The Hudson River-Black River Regulating District owns and operates the main dam structure and dictates reservoir levels, while a power station owned by Erie Boulevard Hydropower and Brookfield Renewables generates electricity from the water that flows out of the state’s largest impoundment.
The current reservoir operating agreement – first adopted in 2003 and amended in 2006, 2021 and this year – expires Dec. 31.The outcome of negotiations over a replacement could have far-reaching impact and threaten planned reductions in payments assessed on counties that benefit from the dam’s operation.
The regulating district this year commissioned an appraisal that valued access to the water created by the dam at $2.5 million annually. But Erie, a subsidiary of Canada-based Brookfield Renewables, seeks to pay only to time water releases through its powerhouse, offering about $77,000 per year, according to the regulating district.
Erie, which operates a litany of hydropower facilities around the Adirondacks, pays for access to 56 feet of water produced because of the Conklingville dam. Erie is currently paying nearly $1.5 million in annual water fees under the operating agreement, according to the regulating district. Its E.J. West powerhouse has the capacity to produce 22 MW of energy at the site.
Mark Luciano, Brookfield Renewable’s stakeholder relations manager for New York, said in an email he would not comment on the negotiations.
Callaghan argued the value of accessing the impoundment’s water power has increased since the current agreement and Erie should increase its payments to the district. District officials have also suggested that if Erie prevails in negotiations and significantly reduces its payments, the district’s finances would be imperiled.
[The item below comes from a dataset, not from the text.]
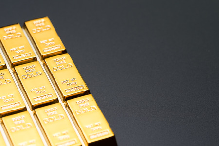 Gold bar bullions ingot on black background with copy space, crisis safe haven for investment or reserve for country economics.

The district had long relied on downstream hydropower producers to fund its operations through separate beneficiary assessments, but those payments in 2008 were rejected in federal court on the grounds any such bills must be approved by the Federal Energy Regulatory Commission (FERC). The district shifted the budget burden downstream to Albany, Rensselaer, Saratoga, Washington and Warren counties. Last year’s state budget, though, called for easing the counties’ burden by moving certain local tax payments around Great Sacandaga from the district to the state.
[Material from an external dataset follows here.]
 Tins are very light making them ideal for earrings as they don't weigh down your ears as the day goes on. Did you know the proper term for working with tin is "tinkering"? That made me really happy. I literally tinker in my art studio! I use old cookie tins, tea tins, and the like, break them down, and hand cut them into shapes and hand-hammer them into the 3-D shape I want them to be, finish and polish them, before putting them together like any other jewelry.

“If we lose the significant revenue annually from operation of the E.J. West plant, the relief counties are expecting will be decreased significantly,” Callaghan said.
The underlying reservoir operating agreement requires the regulating district to operate the dam to “maximize hydroelectric energy generation and revenue by the Erie” powerhouse, as well as to serve its statutory role in regulating water flows on the Sacandaga and Hudson Rivers to reduce flood risk to downstream communities. The agreement outlines a water fee paying to maintain the dam that produces the water to generate electricity at Erie’s powerhouse.
Both Erie and HRBRRD hold FERC licenses to operate the site to produce energy, which expire around 2040.
Stillwater talks continue
The regulating district also faces a Dec. 31 contract deadline at the Stillwater Reservoir in the western Adirondacks.
Stillwater Associates operates a powerhouse at that dam under a contract that requires the regulating district to purchase the powerhouse if the two parties cannot agree on an extension of monthly payments.
Callaghan said he expects the district will have to purchase the facility, and the two parties are working with appraisers to determine the value of the powerhouse. The district lacks the authority to generate power, so if it does end up owning the Stillwater powerhouse it would then solicit a new hydroproducer to operate the facility.